Davis v. Commonwealth, 21 Va. App. 587, 591 (1996).
Judges should be keenly aware that frequent recusal by a judge may lead the public to conclude that the judge is avoiding unpleasant cases or that the judge is not carrying his or her appropriate share of the court's work. Further, when a judge recuses himself or herself frequently, attorneys and litigants may well be encouraged to use recusal motions as a means of judge shopping.
Although the Committee does not intend their citation as an endorsement, some examples of situations that do not necessarily require recusal nevertheless may be helpful. 2 A judge is not required to recuse himself or herself simply because, while a prosecutor, the judge prosecuted the defendant before him. Davis, 21 Va. App. at 592. The mere fact that a fellow judge's spouse appears before the judge does not necessarily require disqualification. State of Washington Ethics Advisory Opinion 84-3. This is true even when such a judge was the best man at the wedding of the lawyer and the fellow judge. Delaware JPC 1992-2. A judge need not recuse himself or herself simply because, through prior judicial hearings, the judge is familiar with a party and his legal difficulties. Deahl v. Winchester Dept. of Social Services, 224 Va. 664, 672-73 (1983). There is no requirement that a judge recuse himself from a case because the defendant is an attorney who regularly practiced before the judge. Stamper v. Commonwealth, 228 Va. 707, 713-14 (1985).
Virginia's appellate courts have stated the standard by which recusal should be tested:
In Virginia, whether a trial judge should recuse himself or herself is measured by whether he or she harbors "such bias or prejudice as would deny the defendant a fair trial." Welsh v. Commonwealth, 14 Va. App. 300, 315 (1992), quoting Justus v. Commonwealth, 222 Va. 667, 673 (1981).
The judge must also consider
"the public's perception of his or her fairness, so that the public's confidence in the integrity of the judicial system is maintained."
Buchanan v. Buchanan, 14 Va. App. 53, 55 (1992).
It is, however, the public's perception, not the litigant's, that a judge must consider when deciding whether recusal is required to preserve the judicial system's integrity. Scott v. Rutherfoord, 30 Va. App. 176, 189 (1999).
The Committee, then, is of the opinion that a judge is not required to recuse himself or herself, and should not do so, merely because he or she is an acquaintance of a party, attorney, or witness involved in the proceeding before the judge.
Canons of Judicial Conduct, Canons 3E and 3F.
Davis v. Commonwealth, 21 Va. App. 587 (1996).
Deahl v. Winchester Dept. of Social Services, 224 Va. 664 (1983).
Justus v. Commonwealth, 222 Va. 667 (1981.
Scott v. Rutherfoord, 30 Va. App. 176 (1999).
Stamper v. Commonwealth, 228 Va. 707 (1985).
Welsh v. Commonwealth, 14 Va. App. 300 (1992).
Delaware Judicial Ethics Advisory Opinion 1997-4.

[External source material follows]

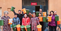 “每戶分給一個(gè)橙色桶和一個(gè)綠色桶。綠色桶用來盛廚余垃圾,橙色桶用來盛其他生活垃圾,每種顏色的桶配一卷同顏色的垃圾袋。另外還有一本垃圾桶分類指導(dǎo)手冊(cè)...

Delaware JPC 1992-2. State of Washington Ethics Advisory Opinion 84-3.
1 See, for example, Canon 3B(1), the Commentary to Canon 3B(4), Canon 3B(8), and Canon 3C(3).
2 Although the situations which follow do not of themselves require recusal, other attending circumstances may lead the judge to conclude that recusal is necessary because of the appearance of impropriety or because the personal relationship between the judge and others involved, as opposed to the situation itself, requires recusal.
All opinions shall be advisory only, and no opinion shall be binding on the Judicial Inquiry Review Commission or the Supreme Court in the exercise of its judicial discipline responsibilities. However, the Judicial Inquiry Review Commission and the Supreme Court may in their discretion consider compliance with an advisory opinion by the requesting individual to be evidence of a good faith effort to comply with the Canons of Judicial Conduct provided that compliance with an opinion issued to one judge shall not be considered evidence of good faith of another judge unless the underlying facts are substantially the same. Order of the Supreme Court of Virginia entered January 5, 1999.